In defense of games today, things where a whole lot easier when you were on a strictly 2D, non-altering, fully 100% visible plane, and where an AI that knows your exact position regardless of things like noise and line of sight wasn't considered unfair, and where the only abilities an AI had to worry about were "Move My XY coordinates to = Player XY Coordinates" -
Well I think you're getting the picture...
is currently in frightened mode
I read somewhere If pac-man leaves tile A entering tile B on the same clock pulse as a ghost leaving tile B enters tile A, the machine will switch their positions on that pulse; they never occupy the same tile.
Yawn... This stuff that already been posted on the Pacman Dossier for years. Not really "news for nerds".
Now, what would really be "news for nerds" is the analysis of the ghosts' behavior in Google Pacman, which is very similar, but subtly different.
Of course, since Google Pacman's source is available, this can theoretically be deduced straight from the source, but it's more fun to figure it out by trial and error. Great timekiller. There are definitely notable differences -- like certain directions the ghosts will never turn to if they enter the intersection from one direction, but will if they enter the same intersection from the opposite direction.
More sophisticated?
They are constrainted by the paths and when they have to make a choice they pick the one that gives the shortest straight line distance to their destination.
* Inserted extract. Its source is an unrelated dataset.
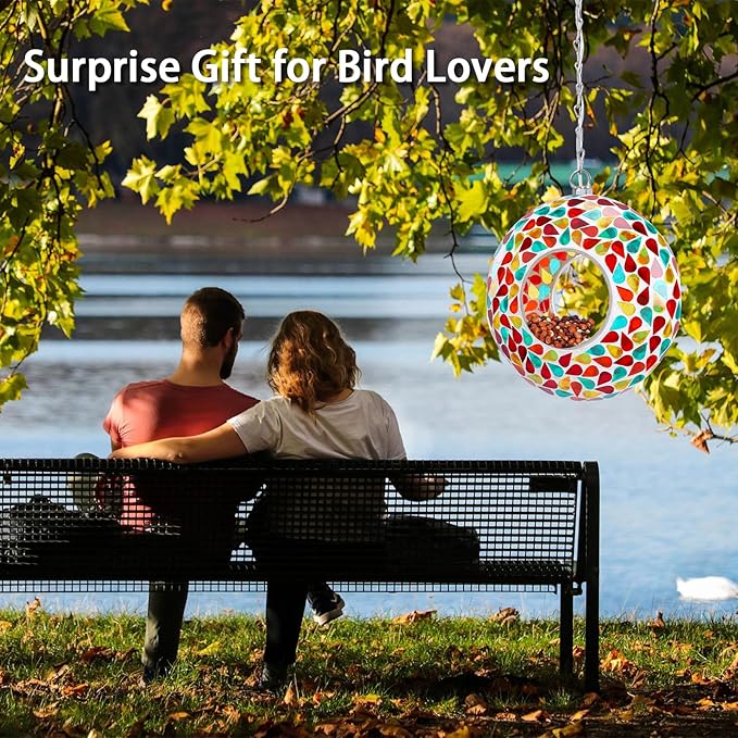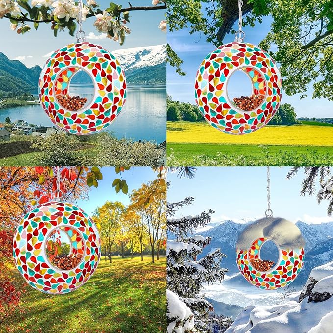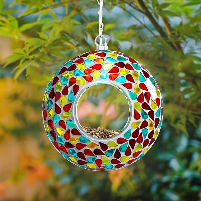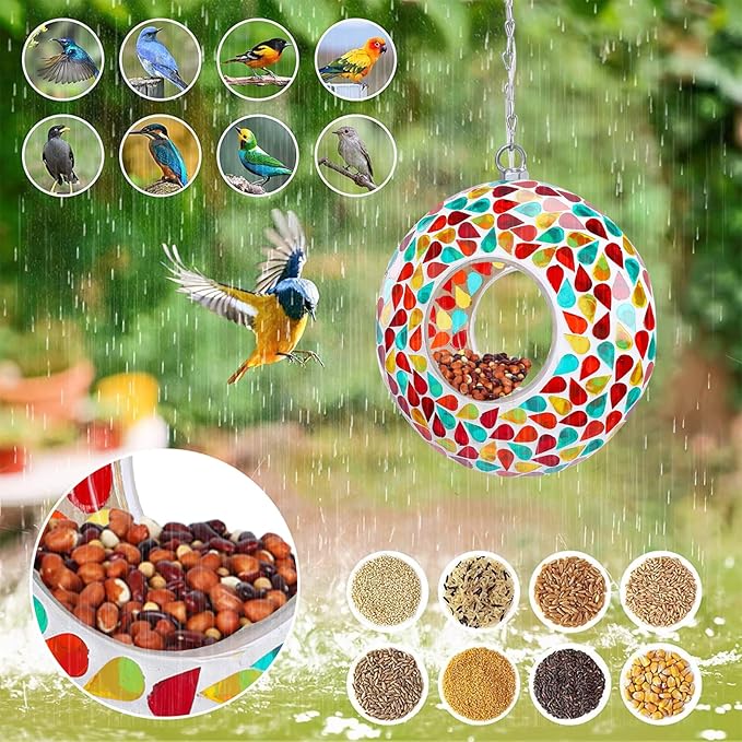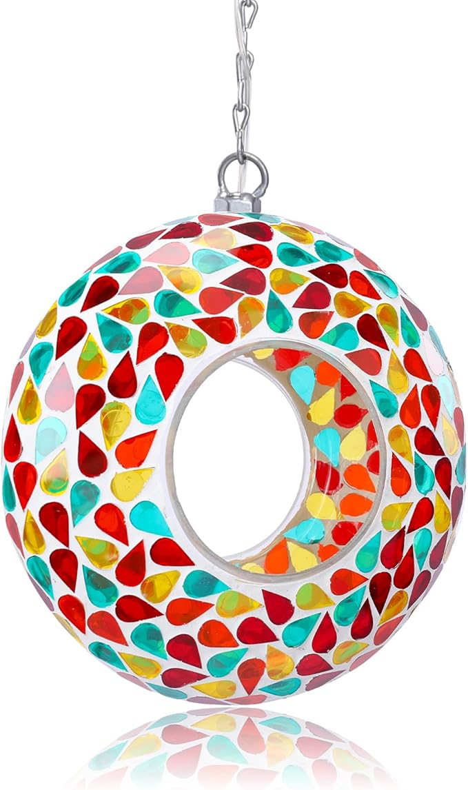 - Hanging Bird Feeder: Mosaic hang bird feeders for outdoors is made of strong mortar and glass. Birds can eat from the rim or hop inside during bad weather

In other words they are retarded, which is good because there are four of them and they'd box the player in in about 10 seconds if they weren't.
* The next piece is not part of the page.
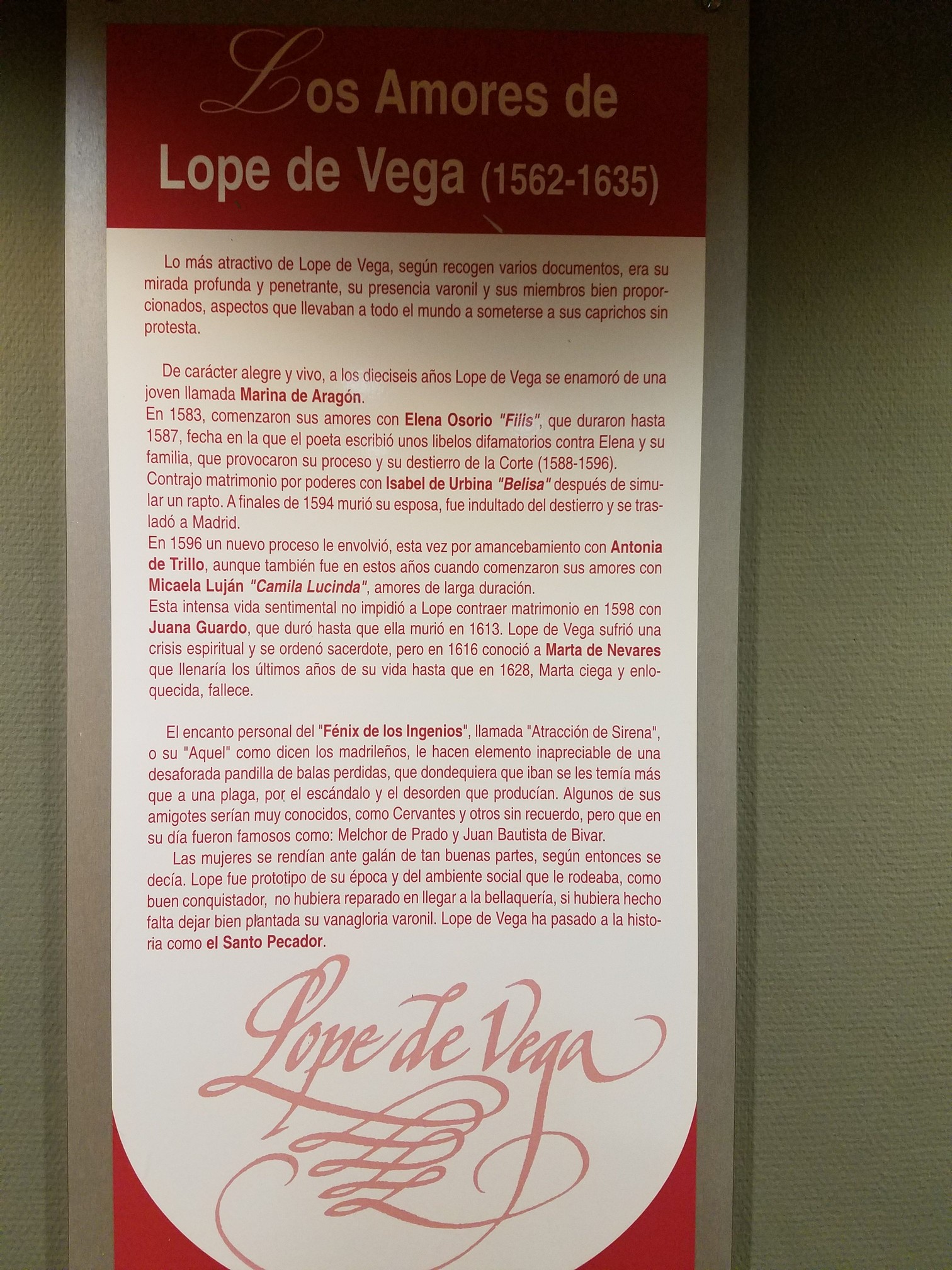 #6- The hotel we stayed at in Madrid was on Calle Lope de Vega and it, in fact, used to be called Hotel Lope de Vega. On the walls, they interesting stuff from him and about him. I took a picture. I’m going to try to upload it to share.

based on being really good at the original pacman, achieving a high score was simply a matter of learning patterns, so they must not really be referring to the original pacman here because I think that algorithm must have been pretty simple. To be a great player on the original pacmac you run pacman through the same pattern every time in every level you've learned, hitting the energizer pellets precisely when you know you can always run the same pattern and eat the four ghosts as the flee. Always the exact same pattern for each level until you finally reach a level where you have to learn the pattern. It was really crazy playing because you could do all the levels you'd memorized pretty much with your eyes closed, so when you got really good; it took a frigging long time to get to a level you did not know.
Did you ever wake up in the morning, with a Zombie Woof behind your eyes? -- FZ
>Well, the behavior is complex in today's games, but the algorithms are not.
Study up on the path-finding, grouping, and line-of-sight algorithms in "today's games", before you lodge this kind of insult at their developers please.
-fb Everything not expressly forbidden is now mandatory.
In other words they are retarded, which is good because there are four of them and they'd box the player in in about 10 seconds if they weren't.
Yes. There's this persistent myth that smart game AI is hard to build. It's not. A really smart, impossible-to-beat game AI is easy to build (for most types of games). What's hard to build is a sort-of-smart-but-often-fallible AI that's just competent enough that it makes you feel like you're accomplishing something worthwhile when you finally beat it. For extra bonus hardness points you can try building an AI that makes the same kind of sub-optimal choices that a human would make so that it feels "alive". That's hard to do.
Game AIs have all kinds of advantages that make it easy (again, for most types of games) to build them to be unbeatable. They have always have instant reaction time, they can consider a large number of disparate data streams simultaneously, they always have perfect knowledge of their environment, they can have vast libraries of pre-computed decision trees, and their accuracy in moving, aiming, etc is limited only by the precision of floating-point data types. (An aside: the reason why real-world robotics is so hard is largely because real-world robots have really terrible knowledge of their environment, unlike game AIs.) The trick to writing a top-quality game AI is to figure out how to degrade and handicap all of those advantages in ways that leave them beatable while not leaving them looking stupid.